Oslo Centre for Biostatistics and Epidemiology, Department of Biostatistics, University of Oslo, Oslo, Norway.
Department of Cancer Genetics, Institute for Cancer Research, Oslo University Hospital, Oslo, Norway.
Stat Med. 2022 Oct 15;41(23):4532-4553. doi: 10.1002/sim.9524. Epub 2022 Jul 18.
Variable selection is crucial in high-dimensional omics-based analyses, since it is biologically reasonable to assume only a subset of non-noisy features contributes to the data structures. However, the task is particularly hard in an unsupervised setting, and a priori ad hoc variable selection is still a very frequent approach, despite the evident drawbacks and lack of reproducibility. We propose a Bayesian variable selection approach for rank-based unsupervised transcriptomic analysis. Making use of data rankings instead of the actual continuous measurements increases the robustness of conclusions when compared to classical statistical methods, and embedding variable selection into the inferential tasks allows complete reproducibility. Specifically, we develop a novel extension of the Bayesian Mallows model for variable selection that allows for a full probabilistic analysis, leading to coherent quantification of uncertainties. Simulation studies demonstrate the versatility and robustness of the proposed method in a variety of scenarios, as well as its superiority with respect to several competitors when varying the data dimension or data generating process. We use the novel approach to analyze genome-wide RNAseq gene expression data from ovarian cancer patients: several genes that affect cancer development are correctly detected in a completely unsupervised fashion, showing the usefulness of the method in the context of signature discovery for cancer genomics. Moreover, the possibility to also perform uncertainty quantification plays a key role in the subsequent biological investigation.
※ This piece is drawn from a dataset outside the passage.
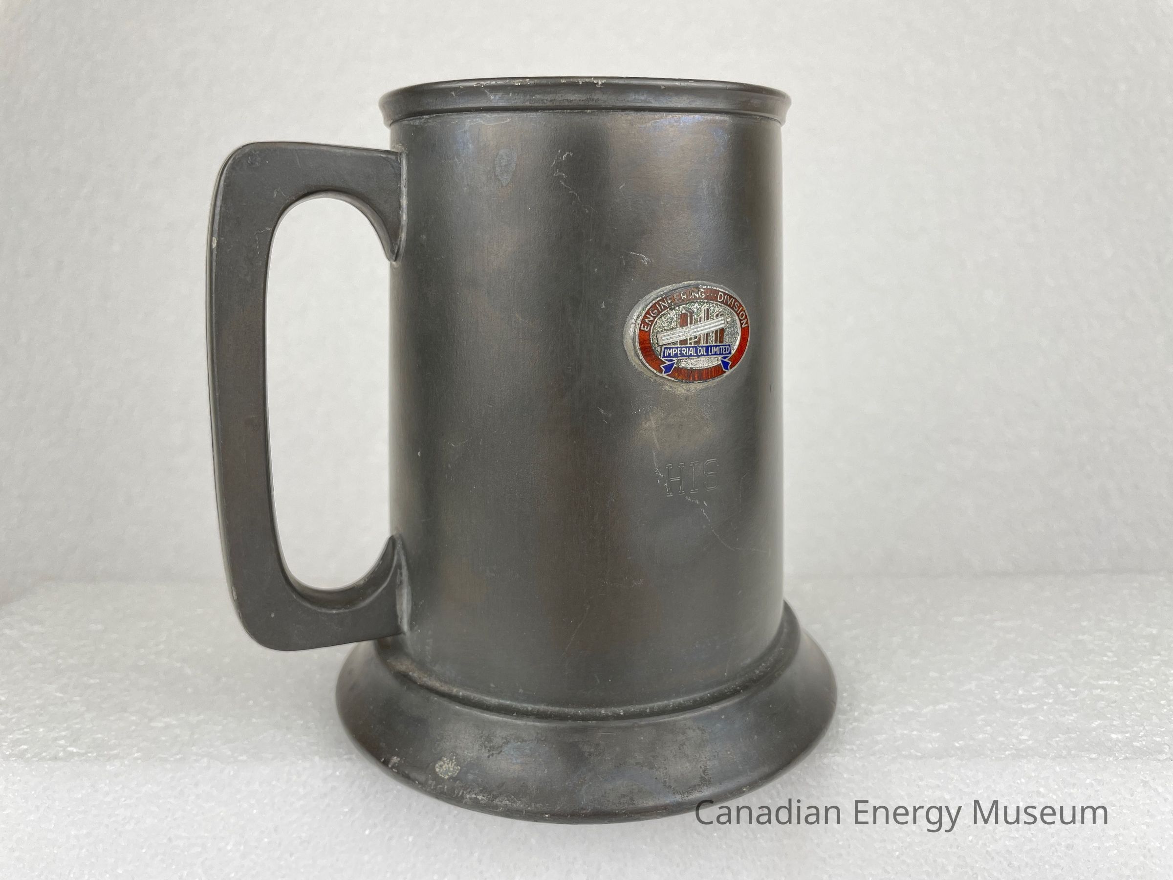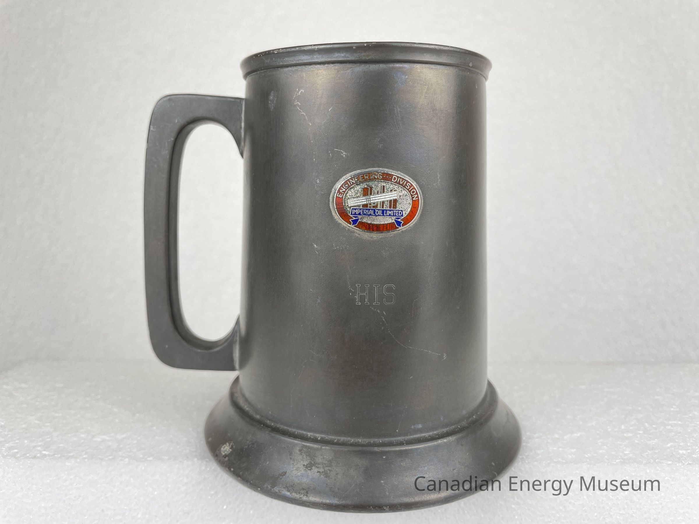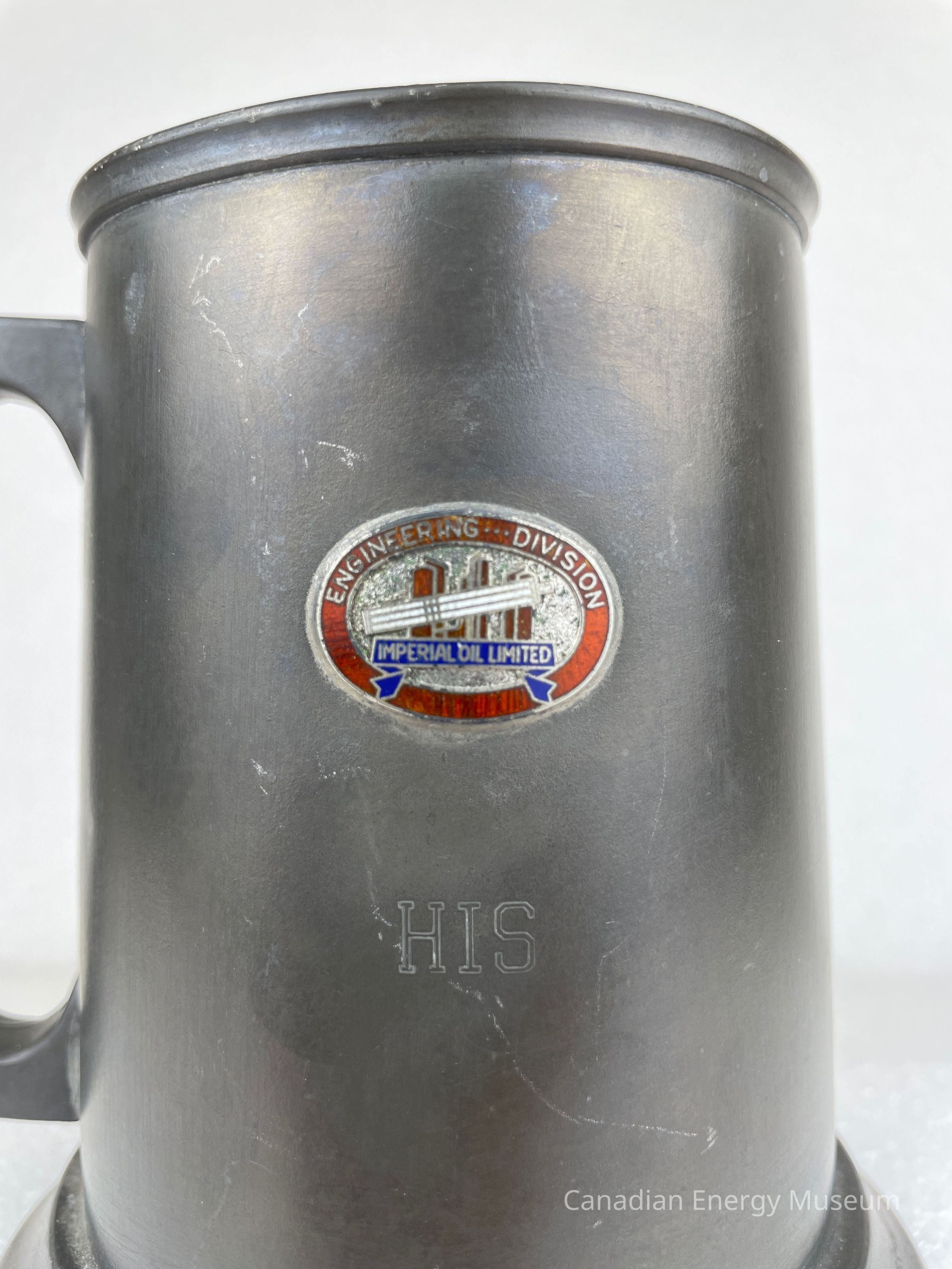 Pewter beer tankard with a rounded-square handle and glass bottom. The front of the tankard features a metal oval, which appears to have been welded on. The metal piece is decorated with red and white rectangle shapes in the centre with a blue ribbon underneath consisting of the text, "IMPERIAL OIL LIMITED". The border of the metal piece is red with text at the top reading, "ENGINEERING ... DIVISION". Below the metal piece is etching of text reading, "HIS". The base of the tankard juts outwards and the bottom rim of the pewter displays etched text reading, "Marlboro PLATE CANADA PEWTER".Collection

变量选择在基于组学的高维分析中至关重要,因为假设只有一小部分非噪声特征有助于数据结构是符合生物学合理性的。然而,在无监督环境下,这项任务特别困难,尽管存在明显的缺点和缺乏可重复性,但先验的特定变量选择仍然是一种非常常见的方法。我们提出了一种基于贝叶斯的变量选择方法,用于基于秩的无监督转录组学分析。与经典统计方法相比,利用数据排名而不是实际的连续测量值来增加结论的稳健性,并且将变量选择嵌入推理任务中可以实现完全可重复性。具体来说,我们为变量选择开发了一种新颖的贝叶斯马罗模型扩展,允许进行完整的概率分析,从而对不确定性进行一致的量化。模拟研究表明,在各种情况下,所提出的方法具有多功能性和稳健性,并且在数据维度或数据生成过程发生变化时,与几个竞争对手相比具有优越性。我们使用新方法来分析卵巢癌患者的全基因组 RNAseq 基因表达数据:以完全无监督的方式正确检测到了一些影响癌症发展的基因,这表明该方法在癌症基因组学的特征发现方面的有用性。此外,进行不确定性量化的可能性在随后的生物学研究中也起着关键作用。